Нам известно не только о древнем Герострате — губителе красоты. Так же и в наши дни в Лондонской Королевской Академии Художеств варварски была уничтожена картина Сарже. В Лувре вандалы изрезали холст Миллета “Ангел”, а другим двуногим ножом была исполосована картина Репина “Иоанн Грозный” в Третьяковской галерее в Москве. Много написано о вандализме, и потому мы с надеждой смотрим на Знамя Мира, как на Красный Крест Культуры, служащий для защиты подлинных человеческих ценностей. Позвольте мне отметить еще один вид скрытого, но очень жестокого вандализма, который как бы исподволь существует во многих странах.
Исследуя творчество древних мастеров, мы часто сталкиваемся с фактом, когда поверх многих прекрасных полотен, по неизвестным причинам, заурядными художниками писались сюжеты на самые разнообразные темы. Очевидно, старая картина вышла из моды, и художники просто использовали холст как материал для создания более современных и модных творений. Было бы ошибочно думать, что подобным варварским актам подвергались лишь второсортные картины. Наоборот, среди отмеченных случаев встречается множество известных авторов, занимающих ныне почетное место в истории искусства.
Мне довелось видеть старую копию с широко известной картины художника Корригио, находящуюся в Национальной Галерее в Лондоне, и на ней отчетливо просматривались штрихи древнего портрета. И в самом деле, основание картины выглядело значительно старше, чем копия. Однажды нам пришлось стать свидетелями того, как из-под картин, относящихся к XVII или XVIII веку, выступили хорошо сохранившиеся прекрасные оригиналы Ламбера Ломбара, Рожера ван дер Вейдена, Адриана Бломара и подобных им знаменитостей.
Приведенные примеры показывают, что вандализм совершается не только руками обычных преступников, но и тайно в знатных домах ради тщеславия и предрассудков.
Красоту нельзя оберечь одними приказами и законами. И лишь когда человеческое сознание постигнет ее беспредельное величие, ее творческую силу, благородство и утонченность, только тогда истинные человеческие ценности будут сохранены. Не следует думать, что явление вандализма относится только к прошлому и связано с именами некоторых известных завоевателей. Общеизвестно, что разные виды вандализма происходят и сегодня. Поэтому попытка защитить и спасти красоту не абстрактна и сомнительна, а крайне необходима и безотлагательна.

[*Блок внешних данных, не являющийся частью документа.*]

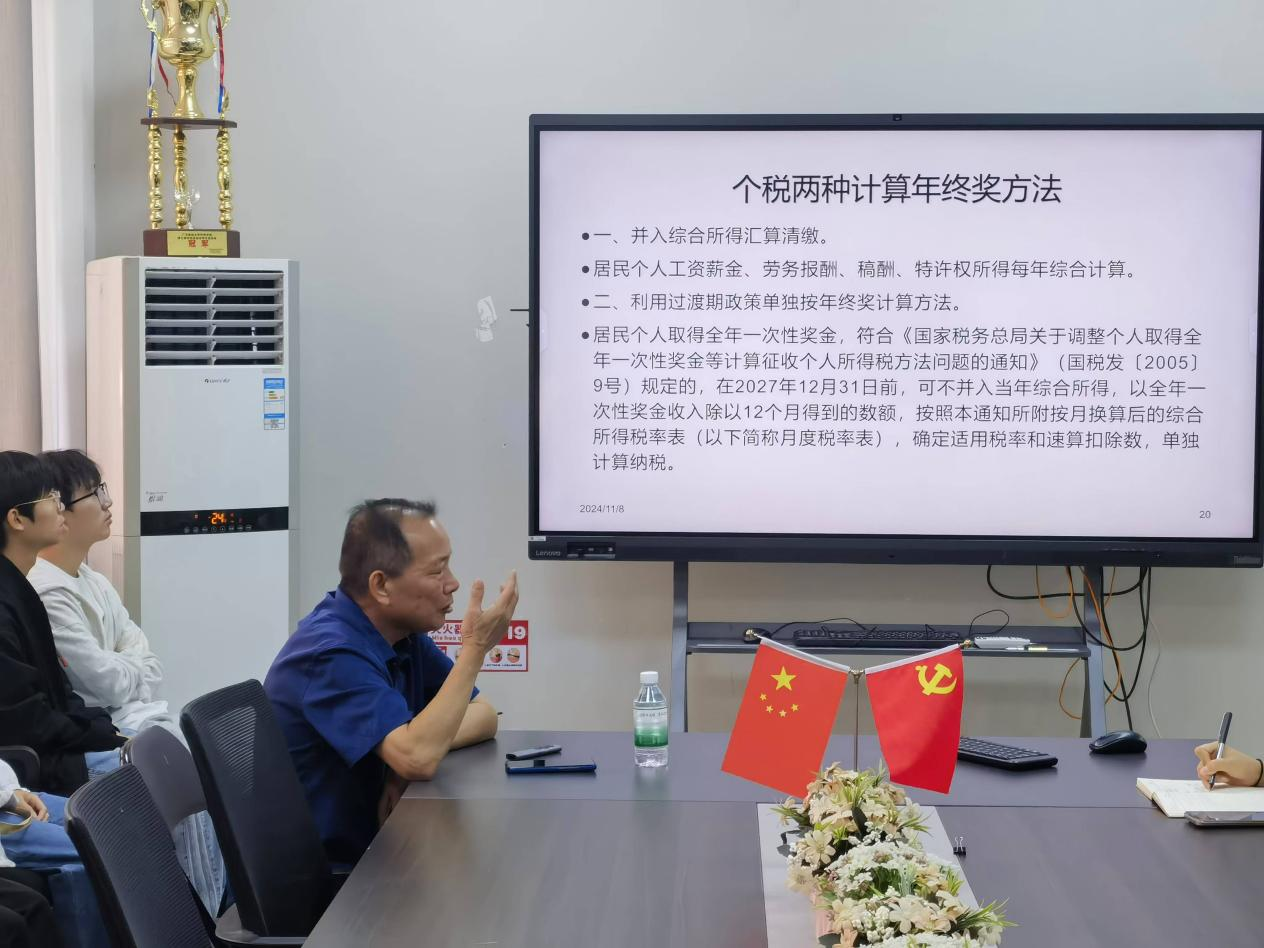 石教授的讲座深入浅出,不仅提供了税收筹划的理论框架,还分享了实际操作中的技巧和注意事项,使与会师生对企业税收筹划有了更深入的理解。讲座内容结束后,部分参会教师与石教授就税收优惠政策的适用、小微企业的税务筹划等话题展开了交流。

Ясно, что образование в области искусства и красоты является насущной необходимостью. И несмотря на то, что это “прекрасная” необходимость, она подразумевает обязанности и ответственность. Нам всегда радостно видеть, как замыслы воплощаются в действия. Такое преображение можно выразить ясным и в то же время почти непереводимым словом oeuvre. Можно сказать “творение”, но все-таки придется согласиться в том понимании, в котором oeuvre пришло из французской литературы.
Об искусстве во всех его проявлениях принято судить очень легкомысленно. Кто-то прочел два стихотворения и уже говорит о поэте. Кто-то увидал три-четыре картины или воспроизведения картин — и уже судит о художнике. По одному роману определяется писатель. Одна книга очерков уже достаточна для бесповоротного суждения за чашкою чаю.

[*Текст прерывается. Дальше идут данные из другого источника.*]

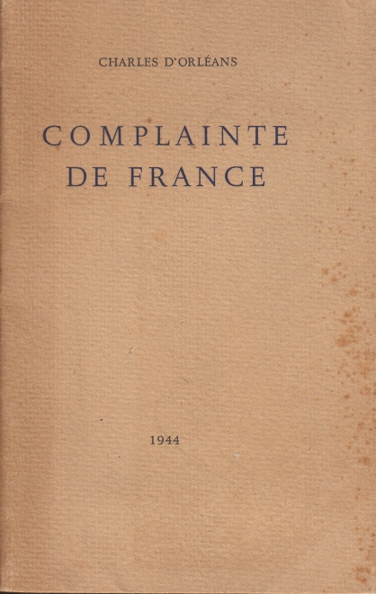 28. ORLÉANS, Charles d’ Complainte de France. (Rosières, Picardie, Pierre Mangart [= Den Haag, A.A.M. Stols]), 1944. Ingenaaid. (12) p. Gedrukt op Hollands papier in een oplage van 100 genummerde exemplaren op geschept velijn-papier van Van Gelder. 1e druk. Omslag met bruine vlekken.

Не раз отмечено в литературе, что знаменитая “чашка чаю” ни к чему не обязывает. Может быть, и суждения, произнесенные за столом, тоже ни к чему не должны обязывать, а между тем часто они имеют очень глубокие последствия. В таких беседах за “чашкою чаю” люди и не думают о том, что отдельные произведения являются лишь лепестком всего oeuvre. Вряд ли даже опытный садовод или ботаник взялся бы судить о всем растении по одному лепестку цветка.
Решительно во всех родах творчества — в литературе, и в музыке, и в живописи — всюду нужно внимательное и бережливое отношение. Каждому приходилось читать и слышать, как авторам навязывали многое, им совершенно несвойственное, цитируя лишь обрывки из их неразрывного потока мыслей. Ведь не случайные люди берутся судить. В каждой области есть свои самоопределенные судьи.
Говорят, что общая оценка меняется трижды в столетие, так, как бы по поколениям. Понаблюдать эти извилины оценок очень поучительно. Сколько посторонних соображений будет влиять на общественное мнение! Соперничество издательств, или корысть продавцов художественных произведений, наконец, всякие разнообразные формы зависти и вражды так сложно отражаются на оценках, что будущему исследователю-историку часто совершенно невозможно разобраться. Можно бы привести к этому множество примеров.
Давайте не будем касаться некоторых эпизодов из мира коллекционеров, конкуренция среди которых доводит их до недостойного поведения. Очень важно помнить, что оценки творческой работы необыкновенно уклончивы и несут в себе много личного. Вспоминается, как некий любитель музыки предупреждал хорошо известного музыканта не играть в некоторые дни, так как у влиятельных критиков была зубная боль. Но когда ко всем этим пристрастным случайностям присоединяется еще и полное невежество в отношении творчества того или иного деятеля, тогда положение становится поистине трагичным.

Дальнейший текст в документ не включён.